Press

Artist Interview: Liat Yossifor

HuffPost Arts & Culture / Feb 19, 2016 / by Madelaine D'Angelo / Go to Original



Liat Yossifor is presenting a solo exhibition from February 11 to March 12 at Ameringer McEnery Yohe Gallery. Liat Yossifor’s calm yet dynamic grey works convey the very language of painting through every decision, hesitation and fearless swipe, scrape or whisper-soft marking.

How did you start painting?

I started painting very young, and went to an arts school in Israel prior to coming to the States as a teenager. My grandmother was a painter later in life (after retiring from teaching) and I used to go to her studio in the heart of Tel Aviv and paint with her. I remember an enormous Max Ernst book on her coffee table that gave me nightmares, and thinking that painting is powerful to do so.

This will be your third exhibition at the gallery. Your last exhibition titled, Eight Movement, was compared to musical works, for example Bach’s Six Suites for Unaccompanied Cello. What are some of the concepts in your upcoming exhibition?

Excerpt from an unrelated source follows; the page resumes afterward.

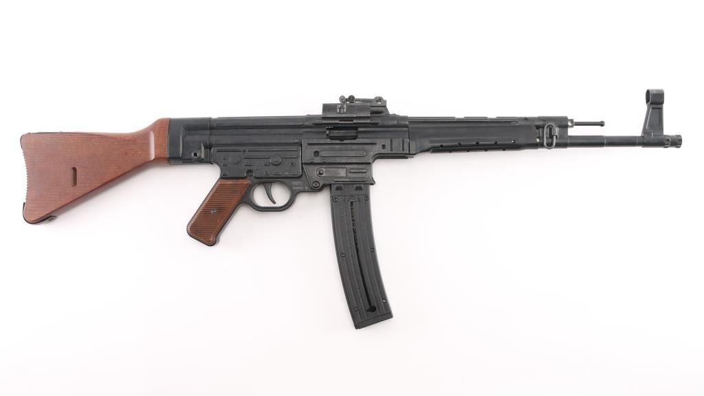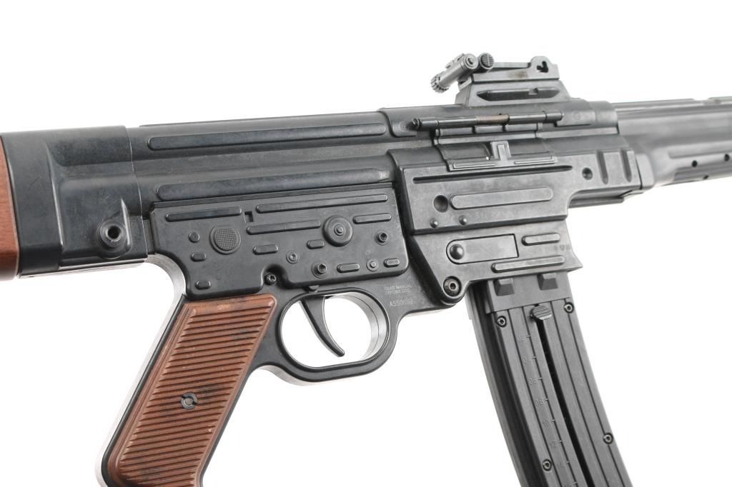 German Sport Guns (GSG) manufactures a variety of . 22 LR semi-automatic replicas designed to look like famous and historical firearms. These replicas are affordably priced and less expensive to shoot than the sometimes expensive or difficult to obtain originals. Features a black finish, 16.25" barrel, raised & hooded blade front sight, tangent rear sight graduated to 1,000 meters, front sling swivel, rear sling slot, manual safety selector on the left side of the grip frame, dust cover, stacking rod, cylindrical charging handle with flared tip, push button magazine release, factory 25 round magazine, grooved brown synthetic pistol grip and smooth wood shoulder stock with trapdoor & serrated bare butt. Overall condition is like new with few handling marks. Includes one magazine. Condition is NRA Excellent - like new *** Modern Firearm ***

The musical specificity was a writer’s interpretation, not my intention. But, the comparison to both music and dance was relevant for the previous show. Eight Movements was composed of time-based performative large scale paintings, where bodily exertion was primary to the process. This upcoming show is of small works that are object-like, figurative, almost clay-like. In this format, the raised surface (of thick paint) speaks directly to the physicality of paint, and the pictorial line in it (made of lines and incisions) has to work itself in relationship to the physical. This part-picture, part-sculpture state is a kind of a double life for these paintings, which is a state that always exists in painting but on which I am placing a magnifying glass. I like to take one or two concepts from the language of painting and use a minimal language to dig deep into it.



What was the process for creating these works?

For these small works, I did a painting a day, and I scraped most of what I made in order to arrive at a painting that works. Each painting is also many different compositions that were erased during the process. The hardest part of the process is searching for a moment of interest between the pictorial and the sculptural as I discussed above. It’s like looking for the painting’s own visual logic, one work at a time.